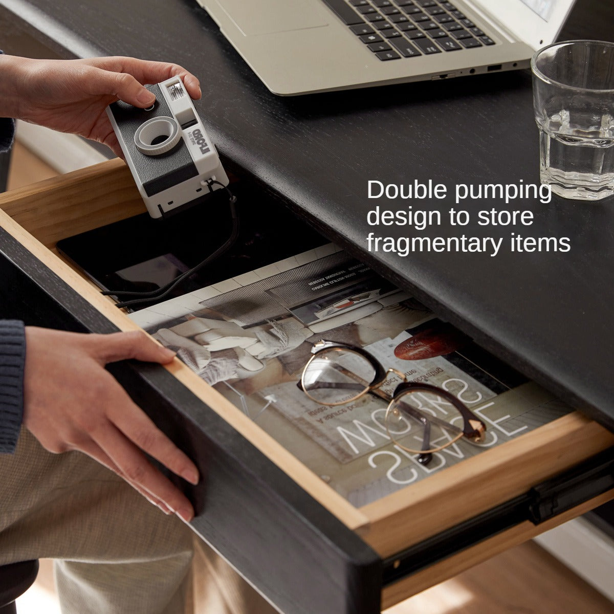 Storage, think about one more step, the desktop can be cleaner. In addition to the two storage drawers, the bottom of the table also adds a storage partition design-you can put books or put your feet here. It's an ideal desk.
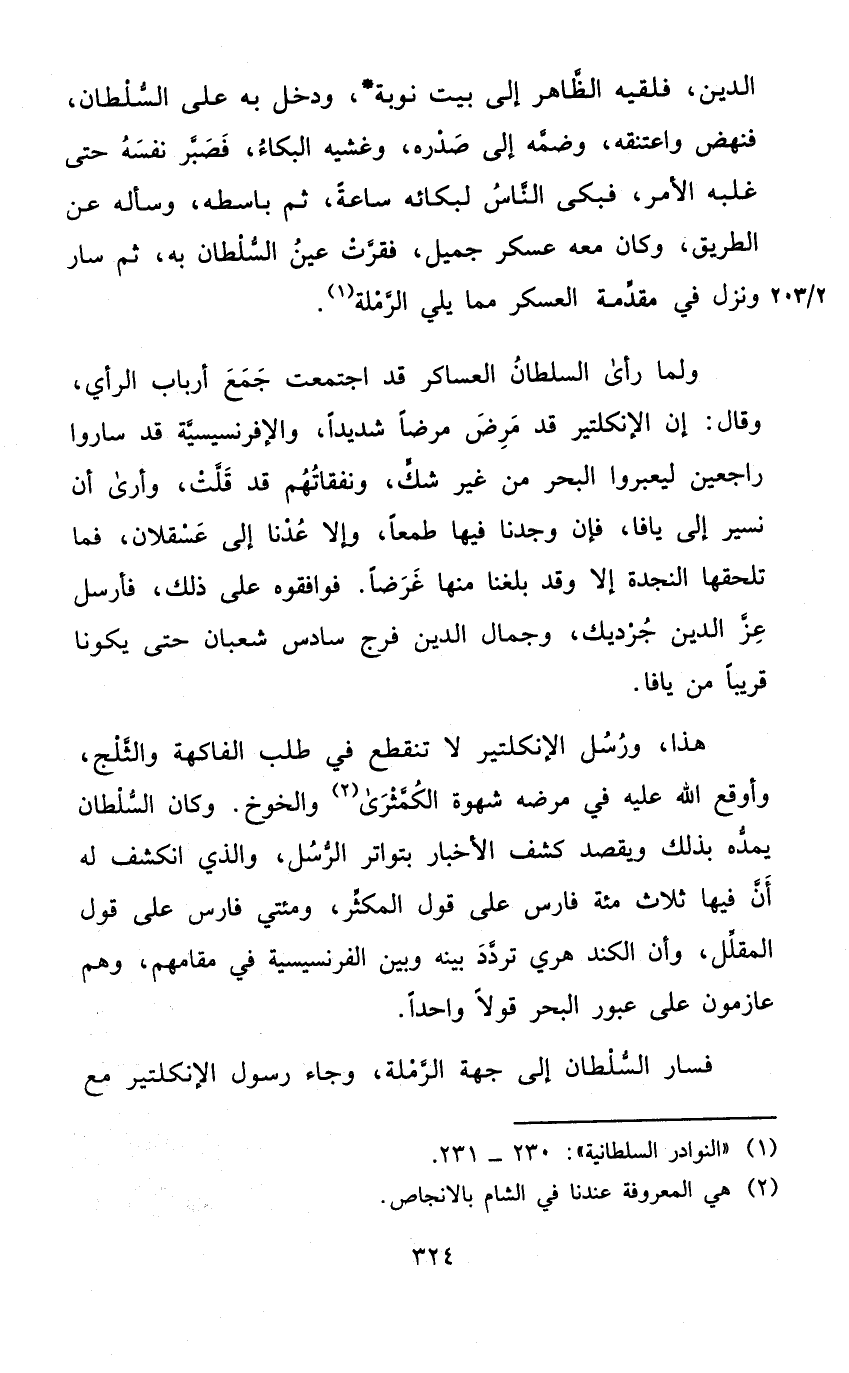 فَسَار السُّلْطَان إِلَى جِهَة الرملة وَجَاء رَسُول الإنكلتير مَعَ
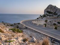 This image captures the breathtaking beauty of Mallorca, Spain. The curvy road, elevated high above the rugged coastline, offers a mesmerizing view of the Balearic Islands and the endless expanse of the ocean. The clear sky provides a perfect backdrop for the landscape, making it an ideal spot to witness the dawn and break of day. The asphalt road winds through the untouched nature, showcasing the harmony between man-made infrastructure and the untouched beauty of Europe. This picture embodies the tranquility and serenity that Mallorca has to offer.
........
Faithful copy, images left out: write out every line of data.

 Storage, think about one more step, the desktop can be cleaner. In addition to the two storage drawers, the bottom of the table also adds a storage partition design-you can put books or put your feet here. It's an ideal desk.
 فَسَار السُّلْطَان إِلَى جِهَة الرملة وَجَاء رَسُول الإنكلتير مَعَ
 This image captures the breathtaking beauty of Mallorca, Spain. The curvy road, elevated high above the rugged coastline, offers a mesmerizing view of the Balearic Islands and the endless expanse of the ocean. The clear sky provides a perfect backdrop for the landscape, making it an ideal spot to witness the dawn and break of day. The asphalt road winds through the untouched nature, showcasing the harmony between man-made infrastructure and the untouched beauty of Europe. This picture embodies the tranquility and serenity that Mallorca has to offer.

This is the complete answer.